Dr Alf with his usual thoughtful precision has demolished the thrust of the arguments made by the Economist whose editors regularly attend “private meetings” as evidenced by the attendance list of the Bilderbergers(www.bilderbergmeetings.org). Populism at grass roots level is to do with massive income inequalities.

In America just 51% of the entire population earn enough to pay income tax and increasing numbers of jobs are being subjected to robot process automation, AI, offshoring and outsourcing. GE which used to have massive finance departments dedicated to Dr Alf’s former calling as a Chartered Accountant and Financial Director now have much of the work done in India at a fraction of the cost.

The UK is £5 trillion GBP in debt whilst £25 trillion sits offshore with half of it in BVI. The Economist has nothing to say about that or the juxtaposition of the two sides of the coin. We have on the one hand Chief Executives earning 100, 200 and in some cases 450 times average worker pay, when bonuses and “other emoluments” are factored into the equation, we have 1.8 million zombie companies which never make a profit and teeter on the very edge of their banking covenants and we have local and central government services costing triple those of Switzerland.
At the same time, we have 1 million people using food banks, average gross pay at £30,000 GGP and houses costing nine times average pay thus denying 80% of future adults any prospect of ever buying a home.

Within 13 or 17 years, 50% of jobs will be gone thanks to AI, machine learning, RPA, cybernetics and nanotechnology. This was predicted by Eric Schmidt of Google in 2013 and 2014 at the Grove Hotel, Watford, England and on You Tube and by the Oxford University and Chinese Government surveys all of which the Economist were privy to. People in America,Europe and the UK, unless they were in the top 16% of wage earners, have all seen their living standards drop and remain low for the past 25 years thanks to the banking crisis, “Cyprus style bail-ins”, quantitative easing (debasement of the currency,) and the loss of traditional blue-collar and lower middle class white collar jobs.

We know from Jordan Peterson, the Canadian psychology professor, who wrote “12 Rules for Life”, that anyone with an IQ of 83 or less (10% of the global population) is deemed to be incapable of doing ANY job the Pentagon wants done. Extrapolating that into civilian life everywhere as he does means that 10% of the working population are economically useless. That percentage is rising as machine learning improves and AI powers ahead of human intelligence starting this year (Source:Ray Kurzeweil, Chief Futurist and CTO of Google).

People, even at the most intellectually challenged level, know that something is wrong, potholes abound in roads, they are told to buy electric cars at £30,000GBP each when they have less than £500 GBP in their bank accounts at any one time ( the same figure that prevailed in the 1990s when GE Capital conducted a survey to size the market for secured loans and impaired life annuities).
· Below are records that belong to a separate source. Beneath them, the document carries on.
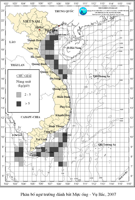 Trang nhất/ Dự báo khai thác theo đối tượng Mực ống, Vụ Bắc, Cả vụ năm 2007 Mùa vụ: Vụ Bắc (Cả vụ) | Năm dự báo: 2007 | Tháng dự báo: 12/2007 Đối tượng dự báo: Mực ống Cơ quan dự báo: Viện nghiên cứu Hải sản
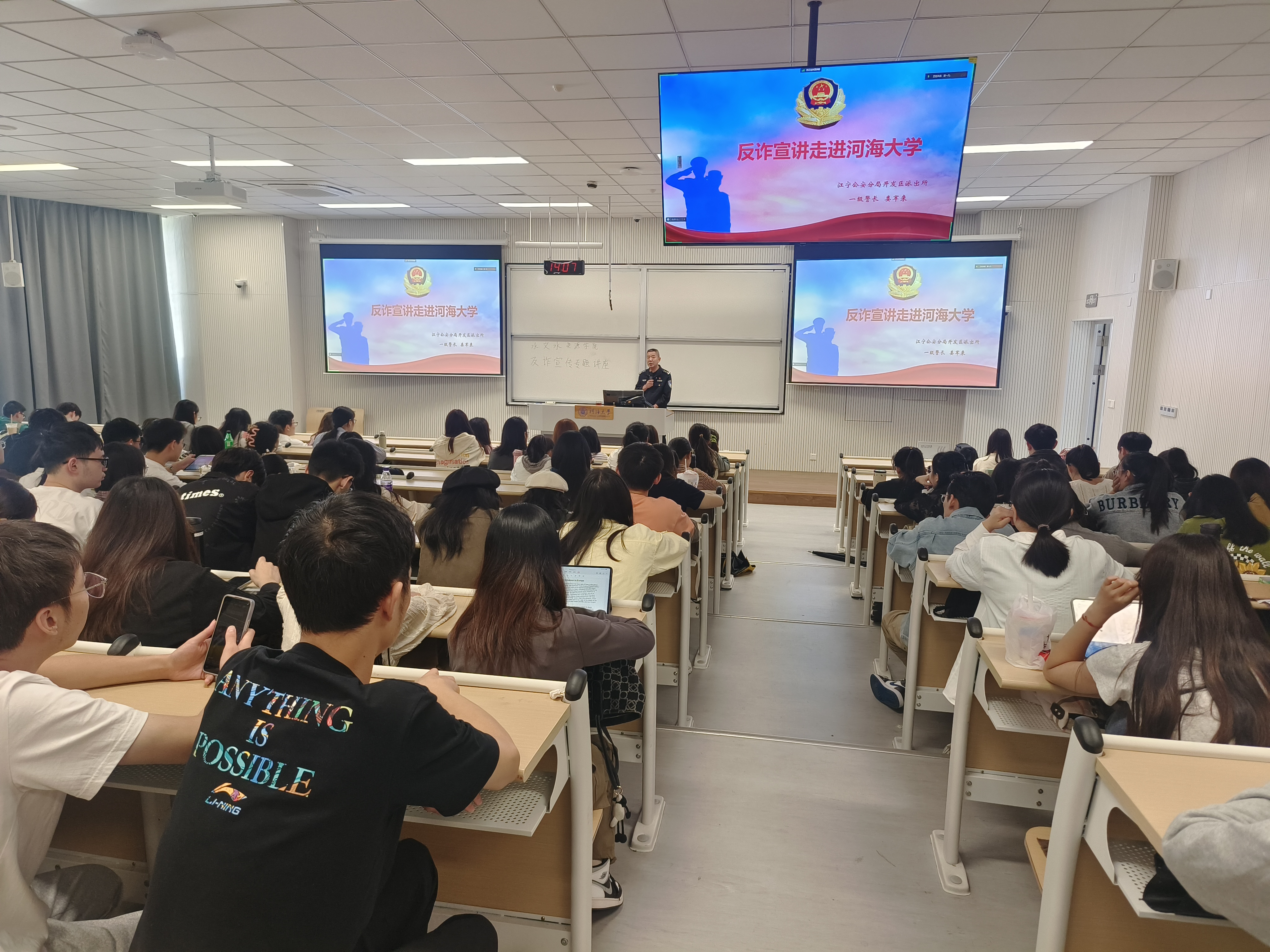 为向研究生新生全面普及防范电信诈骗知识,有效减少电信网络诈骗案件发生,营造全民反诈的良好校园氛围,10月11日,公司在常州校区举办研究生新生防范电信诈骗主题教育讲座,讲座由南京市江宁开发区派出所娄军来警官主讲,全体研究生新生参与讲座。
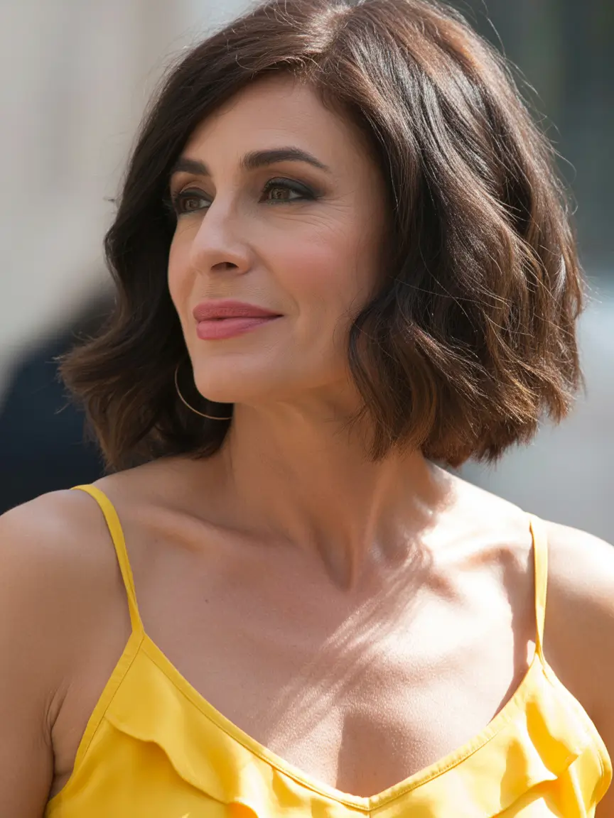 This professional and slightly accented mid-length version is the best strike of professional and accessibleness. The slightly tapered ends shape it, and the highlights on the face, which have been placed by the sun, make the whole brunette base warm. In women who have passed the 40 years of age, the haircut is a beauty frame to the face- elegant but never harsh.

Their children cannot get jobs and even if they can they are not reflective of their expensive degree courses. It is much more than being “down on your luck” but is a malaise in which hope is completely lost by those at the sharp end which is where MAGA, the Gilet Jeunes and the EDL, PEGIDA etc, all populist movements along with ANTIFA, Momentum et al spring from. These movements cover the extremes of the political spectrum and are representative of populism.
The phenomenon will not go away until there is a clear and coherent plan to reskillill people, stop the reverse Robjn Hood phenomenon which emboldens plutocrats and puts the proletariat in the”olive press”.

The Economist will never talk about these matters because it exists to create the impression that things are fine.